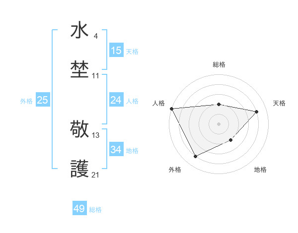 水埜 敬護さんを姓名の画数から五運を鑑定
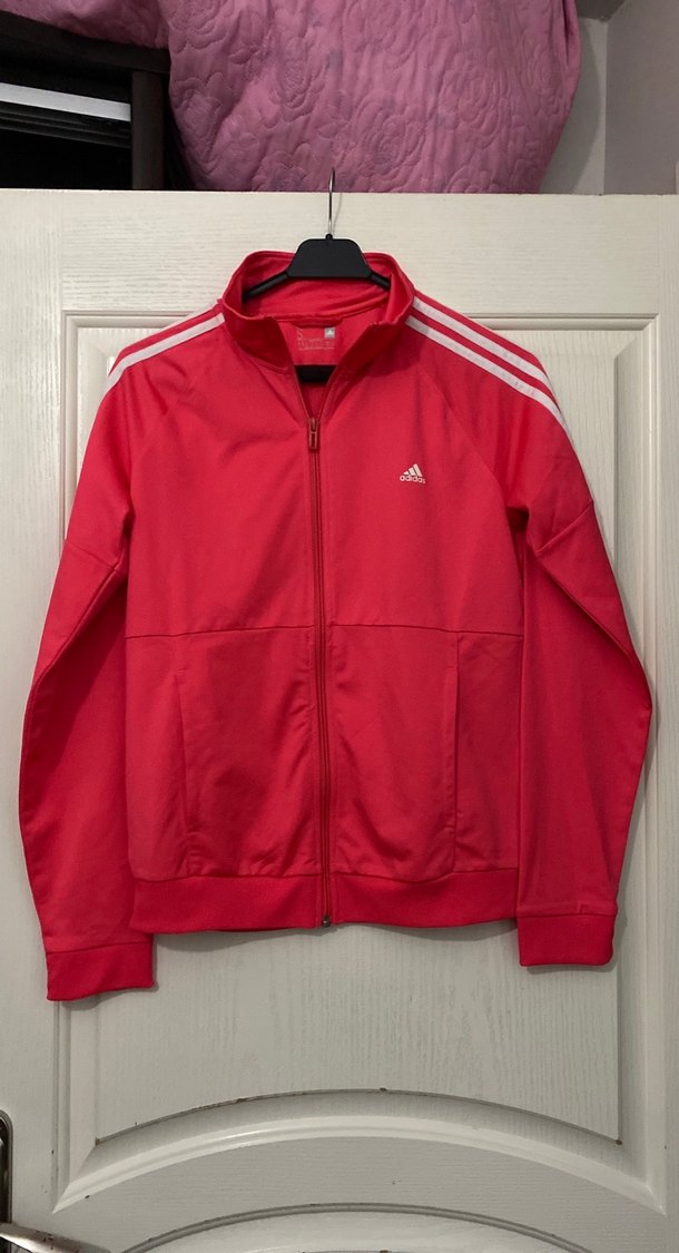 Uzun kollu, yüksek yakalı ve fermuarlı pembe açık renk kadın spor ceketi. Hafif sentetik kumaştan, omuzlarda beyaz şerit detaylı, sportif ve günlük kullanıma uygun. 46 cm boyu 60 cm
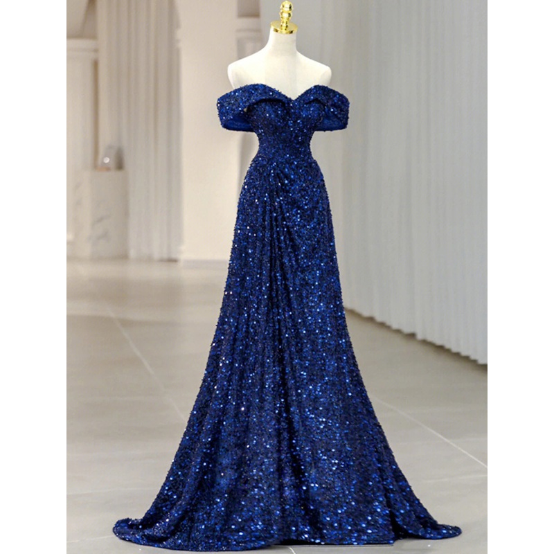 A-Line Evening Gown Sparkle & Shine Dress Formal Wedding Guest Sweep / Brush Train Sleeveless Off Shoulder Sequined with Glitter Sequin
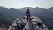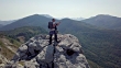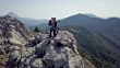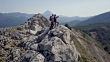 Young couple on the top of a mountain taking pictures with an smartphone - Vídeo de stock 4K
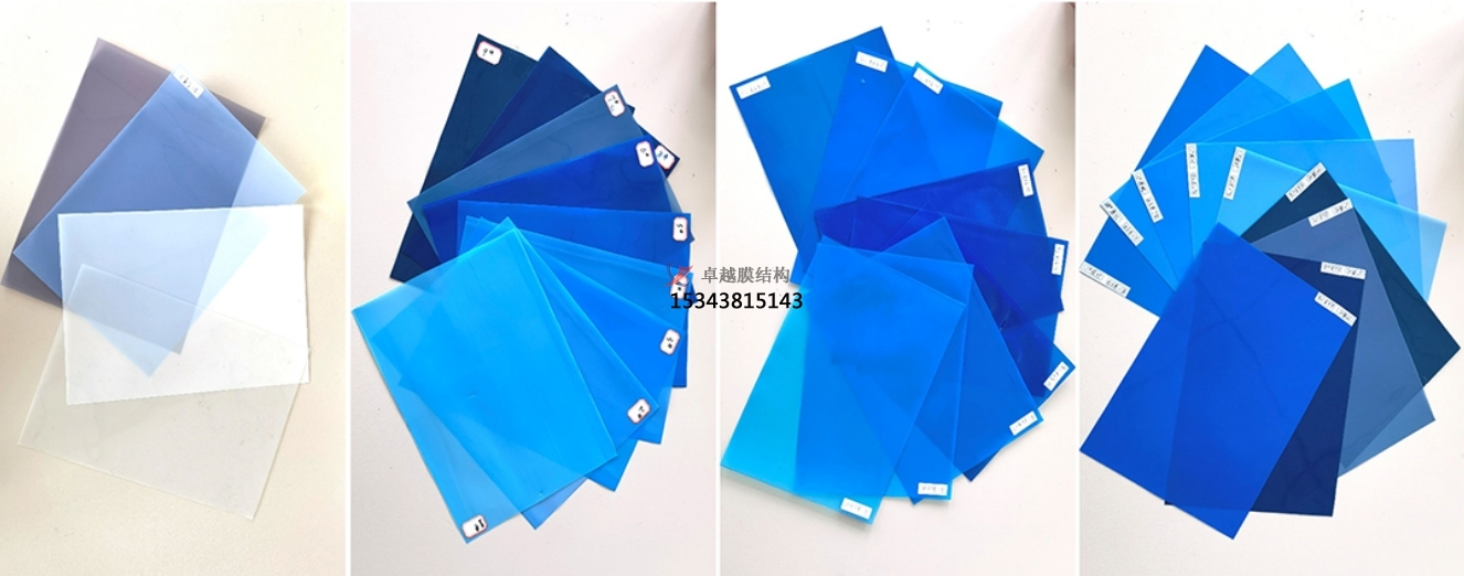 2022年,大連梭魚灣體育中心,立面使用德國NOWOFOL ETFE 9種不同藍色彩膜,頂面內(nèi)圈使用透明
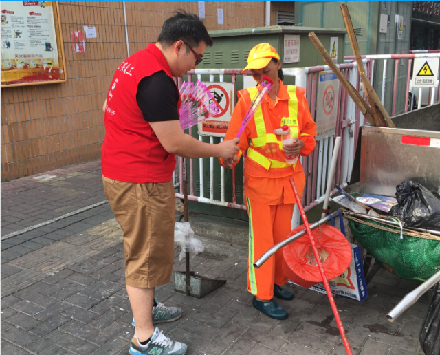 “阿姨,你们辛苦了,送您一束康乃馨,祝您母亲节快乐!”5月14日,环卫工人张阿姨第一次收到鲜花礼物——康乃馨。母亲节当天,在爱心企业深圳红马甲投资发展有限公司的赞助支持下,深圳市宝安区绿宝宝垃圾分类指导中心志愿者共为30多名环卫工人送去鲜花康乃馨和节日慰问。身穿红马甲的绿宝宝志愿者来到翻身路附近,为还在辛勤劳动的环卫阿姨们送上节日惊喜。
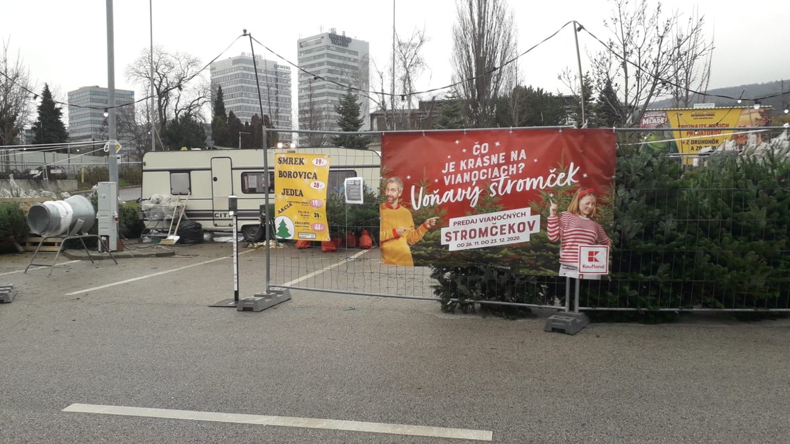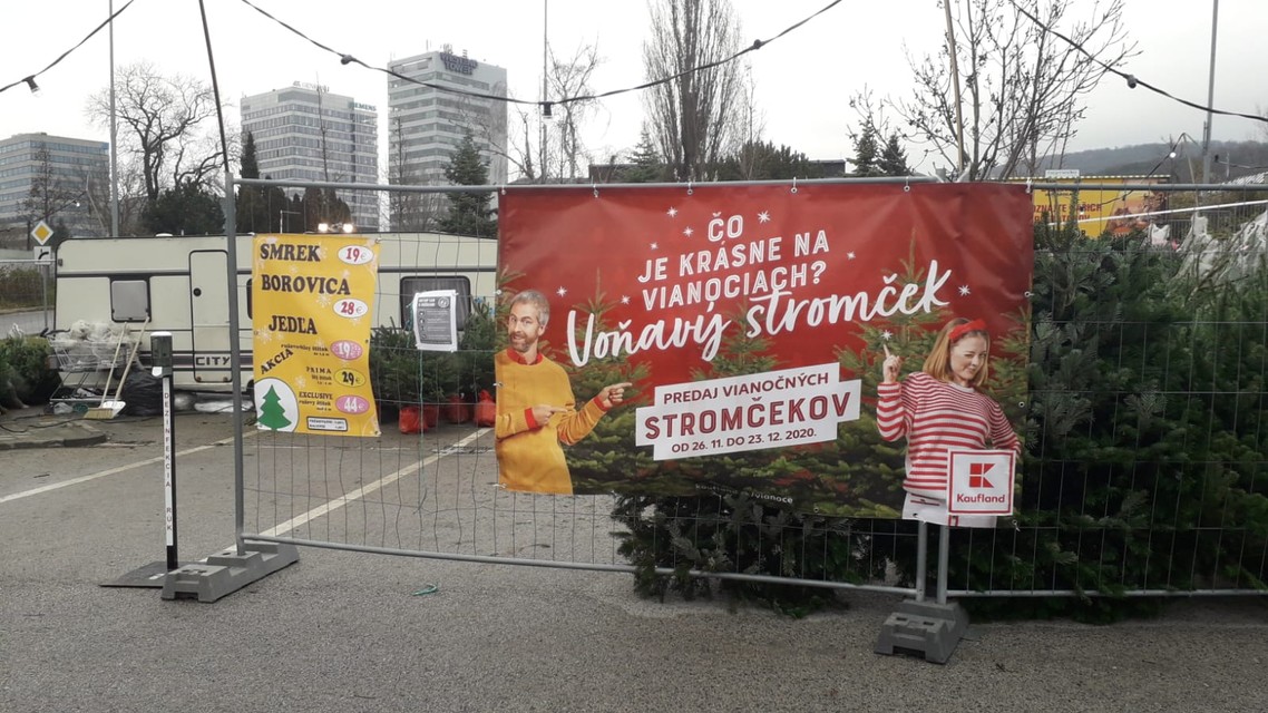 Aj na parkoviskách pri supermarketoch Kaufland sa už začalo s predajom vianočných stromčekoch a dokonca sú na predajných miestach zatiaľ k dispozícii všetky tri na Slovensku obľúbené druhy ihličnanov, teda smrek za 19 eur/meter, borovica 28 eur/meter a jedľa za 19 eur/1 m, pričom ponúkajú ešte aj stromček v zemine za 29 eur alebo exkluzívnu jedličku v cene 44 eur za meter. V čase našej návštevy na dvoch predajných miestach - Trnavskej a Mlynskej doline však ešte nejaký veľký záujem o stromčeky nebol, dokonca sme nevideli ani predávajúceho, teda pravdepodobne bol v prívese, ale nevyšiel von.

▶ _What the task asks_:
Set down the entries above exactly; no pictures belong in the copy.

▶ _Answer for the task_:
 水埜 敬護さんを姓名の画数から五運を鑑定
 Uzun kollu, yüksek yakalı ve fermuarlı pembe açık renk kadın spor ceketi. Hafif sentetik kumaştan, omuzlarda beyaz şerit detaylı, sportif ve günlük kullanıma uygun. 46 cm boyu 60 cm
 A-Line Evening Gown Sparkle & Shine Dress Formal Wedding Guest Sweep / Brush Train Sleeveless Off Shoulder Sequined with Glitter Sequin
 Young couple on the top of a mountain taking pictures with an smartphone - Vídeo de stock 4K
 2022年,大連梭魚灣體育中心,立面使用德國NOWOFOL ETFE 9種不同藍色彩膜,頂面內(nèi)圈使用透明
 “阿姨,你们辛苦了,送您一束康乃馨,祝您母亲节快乐!”5月14日,环卫工人张阿姨第一次收到鲜花礼物——康乃馨。母亲节当天,在爱心企业深圳红马甲投资发展有限公司的赞助支持下,深圳市宝安区绿宝宝垃圾分类指导中心志愿者共为30多名环卫工人送去鲜花康乃馨和节日慰问。身穿红马甲的绿宝宝志愿者来到翻身路附近,为还在辛勤劳动的环卫阿姨们送上节日惊喜。
 Aj na parkoviskách pri supermarketoch Kaufland sa už začalo s predajom vianočných stromčekoch a dokonca sú na predajných miestach zatiaľ k dispozícii všetky tri na Slovensku obľúbené druhy ihličnanov, teda smrek za 19 eur/meter, borovica 28 eur/meter a jedľa za 19 eur/1 m, pričom ponúkajú ešte aj stromček v zemine za 29 eur alebo exkluzívnu jedličku v cene 44 eur za meter. V čase našej návštevy na dvoch predajných miestach - Trnavskej a Mlynskej doline však ešte nejaký veľký záujem o stromčeky nebol, dokonca sme nevideli ani predávajúceho, teda pravdepodobne bol v prívese, ale nevyšiel von.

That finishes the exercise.